Lacrosse team season

The San Diego Seals are a box lacrosse team based in San Diego, California, playing in the National Lacrosse League (NLL). The 2025 season was their sixth season in the NLL.

The Seals ended the regular season and entered the playoffs with the eighth overall ranking.

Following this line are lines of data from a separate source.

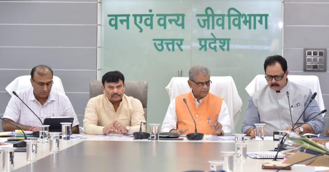 समीक्षा बैठक में प्रमुख सचिव, पर्यावरण वन एवं जलवायु परिवर्तन विभाग, उत्तर प्रदेश शासन अनिल कुमार, प्रधान मुख्य वन संरक्षक और विभागाध्यक्ष, उत्तर प्रदेश, सुनील चौधरी, प्रधान मुख्य वन संरक्षक, वन्यजीव, उत्तर प्रदेश, अनुराधा वैमुरी, प्रधान मुख्य वन संरक्षक, प्रशिक्षण एवं अनुसंधान, उत्तर प्रदेश, एके सिंह, प्रधान मुख्य वन संरक्षक, अनुश्रवण एवं कार्ययोजना,
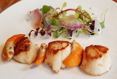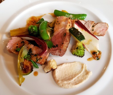 Nous trinquons avec un Champagne Delamotte Blanc de Blancs brut sans année qui est délicieux. C’est un champagne réconfortant, racé, fin, de grand plaisir. Les plats que je prendrai sont : coquilles Saint-Jacques poêlées / terrine de sanglier / échine de porc. Nous avons demandé à Hidé, le si agréable propriétaire des lieux, de simplifier les plats pour les vins, ce qu’il a fait de bonne grâce. Ainsi les coquilles étaient prévues dans une soupe. Nous l’avons écartée. Et la terrine devait être accompagnée d’une compote que nous avons refusée.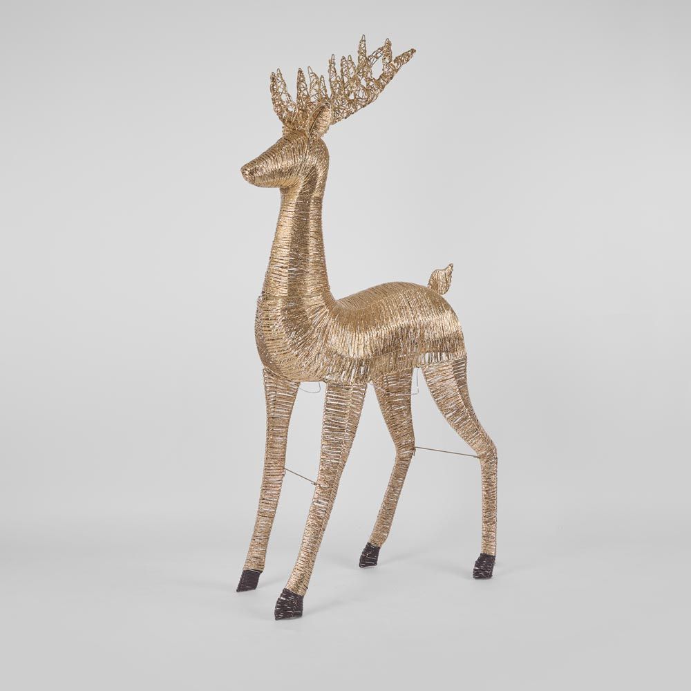 Material : Paper gold farther reindeer 90x27x190cm + 185L with timer 6HR on 18HR off warm white LED lights, Light distance 10cm, lead wire 5M ,IP20 transfomer 24V 6W packing brown outer directly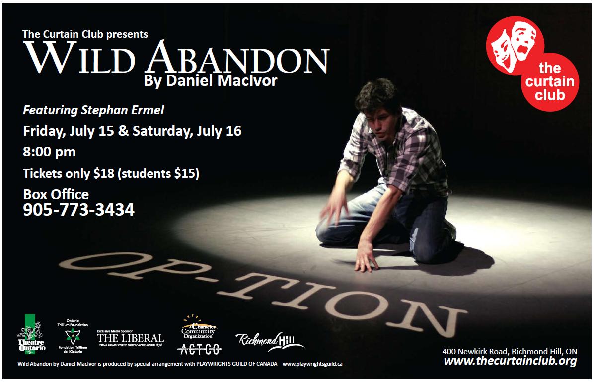 The Curtain Club is pleased to announce a special summer production for two nights only! On July 15 and July 16 only, The Curtain Club will present the Canadian play Wild Abandon by Daniel MacIvor.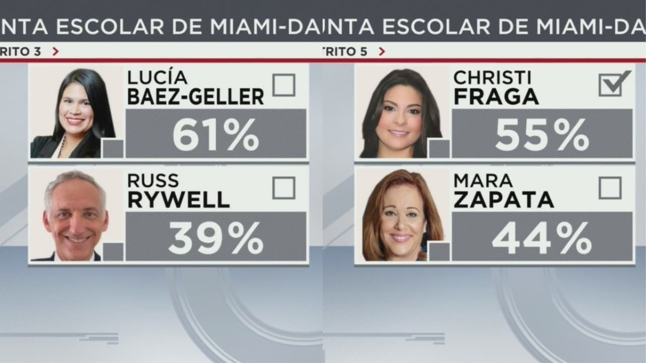 Los votantes eligieron a Lucía Baez-Geller, Christi Fraga y Luisa Santos para ocupar las sillas de la junta escolar en los distritos 3, 5 y 9. Miami-Dade tiene el cuarto distrito escolar más grande de todo Estados Unidos.

They lost to the Buffalo Bandits in the Quarterfinals.

== Regular season ==
NLL Standings

| P | Team | GP | W | L | PCT | GB | Home | Road | GF | GA | Diff | GF/GP | GA/GP |
|---|---|---|---|---|---|---|---|---|---|---|---|---|---|
| 1 | Buffalo Bandits – xz | 18 | 13 | 5 | .722 | 0.0 | 6–3 | 7–2 | 242 | 195 | +47 | 13.44 | 10.83 |
| 2 | Saskatchewan Rush – x | 18 | 13 | 5 | .722 | 0.0 | 6–3 | 7–2 | 213 | 179 | +34 | 11.83 | 9.94 |
| 3 | Halifax Thunderbirds – x | 18 | 11 | 7 | .611 | 2.0 | 6–3 | 5–4 | 239 | 213 | +26 | 13.28 | 11.83 |
| 4 | Vancouver Warriors – x | 18 | 11 | 7 | .611 | 2.0 | 7–2 | 4–5 | 196 | 172 | +24 | 10.89 | 9.56 |
| 5 | Rochester Knighthawks – x | 18 | 10 | 8 | .556 | 3.0 | 4–5 | 6–3 | 228 | 209 | +19 | 12.67 | 11.61 |
| 6 | Calgary Roughnecks – x | 18 | 10 | 8 | .556 | 3.0 | 3–6 | 7–2 | 219 | 209 | +10 | 12.17 | 11.61 |
| 7 | Georgia Swarm – x | 18 | 9 | 9 | .500 | 4.0 | 4–5 | 5–4 | 214 | 217 | −3 | 11.89 | 12.06 |
| 8 | San Diego Seals – x | 18 | 9 | 9 | .500 | 4.0 | 6–3 | 3–6 | 215 | 209 | +6 | 11.94 | 11.61 |
| 9 | Ottawa Black Bears | 18 | 8 | 10 | .444 | 5.0 | 4–5 | 4–5 | 183 | 202 | −19 | 10.17 | 11.22 |
| 10 | Colorado Mammoth | 18 | 8 | 10 | .444 | 5.0 | 4–5 | 4–5 | 195 | 212 | −17 | 10.83 | 11.78 |
| 11 | Albany FireWolves | 18 | 7 | 11 | .389 | 6.0 | 5–4 | 2–7 | 192 | 209 | −17 | 10.67 | 11.61 |
| 12 | Philadelphia Wings | 18 | 7 | 11 | .389 | 6.0 | 4–5 | 3–6 | 207 | 231 | −24 | 11.50 | 12.83 |
| 13 | Toronto Rock | 18 | 6 | 12 | .333 | 7.0 | 2–7 | 4–5 | 189 | 208 | −19 | 10.50 | 11.56 |
| 14 | Las Vegas Desert Dogs | 18 | 4 | 14 | .222 | 9.0 | 2–7 | 2–7 | 189 | 256 | −67 | 10.50 | 14.22 |

== Game log ==
The Seals' schedule was released on September 17, 2024.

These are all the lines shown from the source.